Zerhusen's strategy has met with success. For the five-year period through June, the fund rose an average annualized 9.2%, vs. 5.4% for its mid-cap blend peers. This year through the end of July, it's up 24.5%, vs. 18.2% for its peers. Based on risk and return characteristics over the last three years, Standard & Poor's awards the fund its highest overall rank of 5 Stars.
Bill Gerdes of S&P's Fund Advisor recently spoke with Zerhusen about the fund's strategy. Edited excerpts from their conversation follow:
Q: Have you found fewer attractively priced stocks because of this year's market rally?

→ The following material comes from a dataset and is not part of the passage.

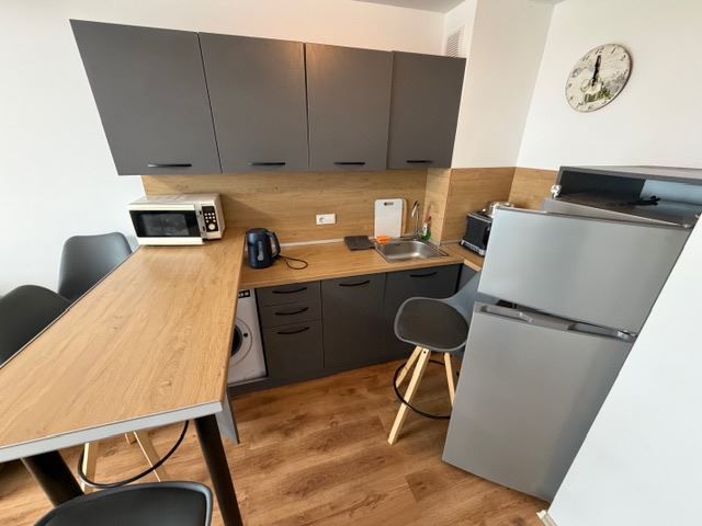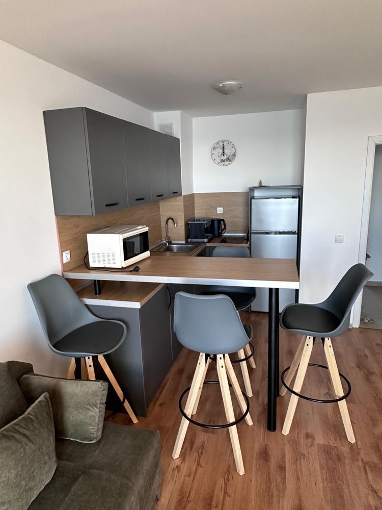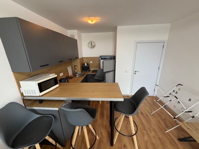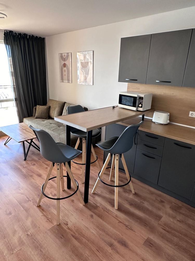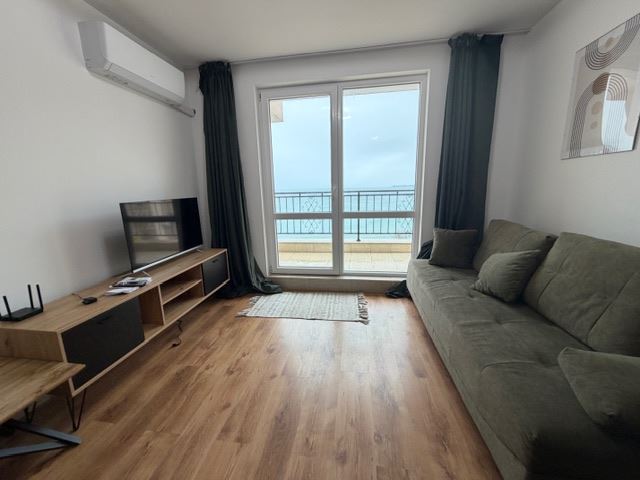 Разположението на имота е изключително удобно – дневната и кухнята са светли и функционални, а спалнята предлага уют и комфорт. Големият балкон с морска панорама е перфектното място за сутрешно кафе или вечерна почивка, наслаждавайки се на морския бриз и спокойствието на курорта.
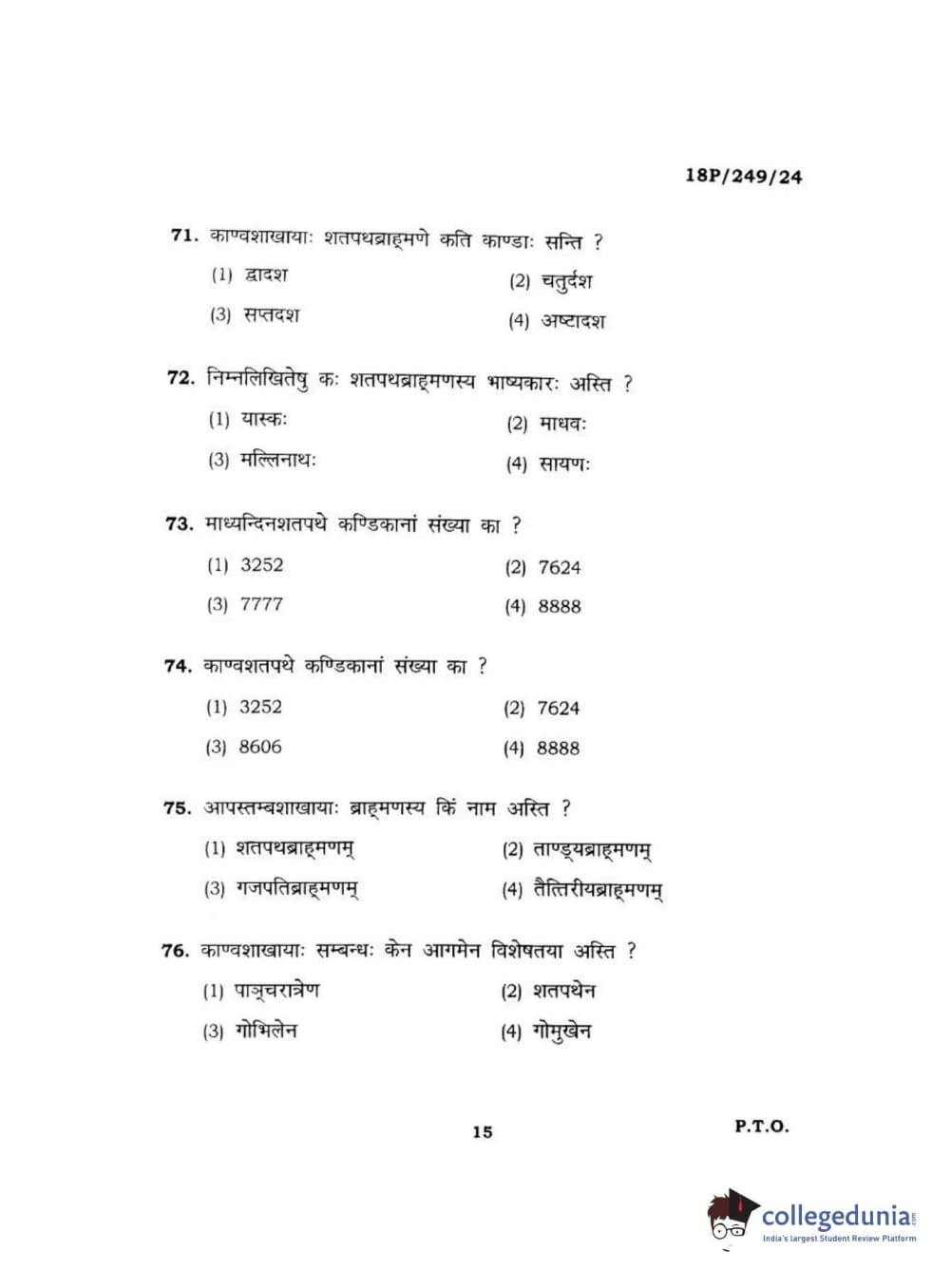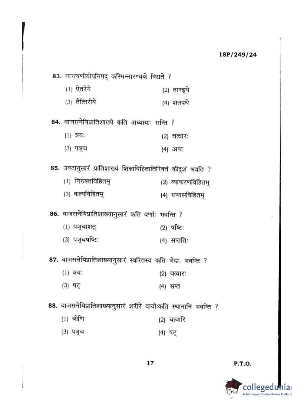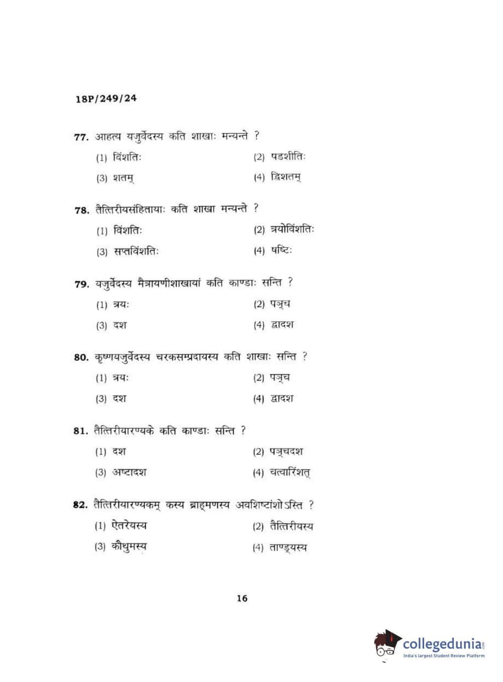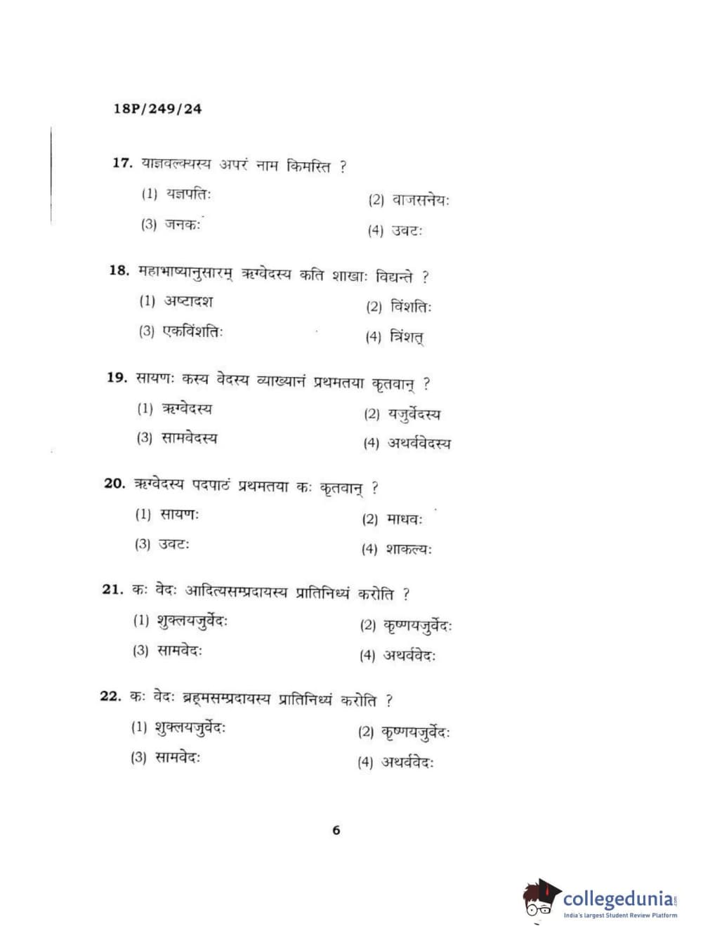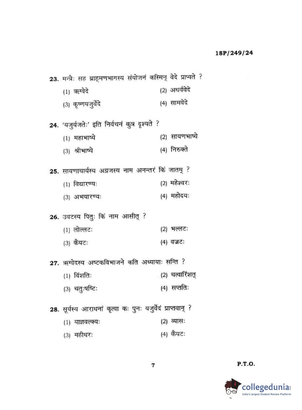 BHU PET 2018 ACHARYA SHUKLAJURVEDA Question Paper with Answer Key PDF in Hindi

A: There's always something to buy. Companies have a bad quarter, so the stock falls. At the end of the first quarter, I found several attractive names, including Andrew Corp. (ANDW), Veritas (VTS), and Reuters Group (RTRSY).
Q: What's your approach to valuations?
A: I look at various criteria: price-earnings multiples, growth rates, and in some industries, market cap to revenue ratios. Right now, Reader's Digest and Scholastic are selling at fractions of their revenues. Basically, my decisions are bottom up.
Q: Why should investors consider mid-cap stocks?
A: They fall between the cracks. Most stockholders focus on large-cap and small-cap stocks, so the mid-cap segment is somewhat overlooked and less efficient than other areas. You can find mid-cap companies that are growing faster than large-cap companies and have better liquidity than small caps. Also, it's easier to get access to managements of mid-cap companies than of large-cap companies. I talk to the CEOs of some of my mid-cap holdings.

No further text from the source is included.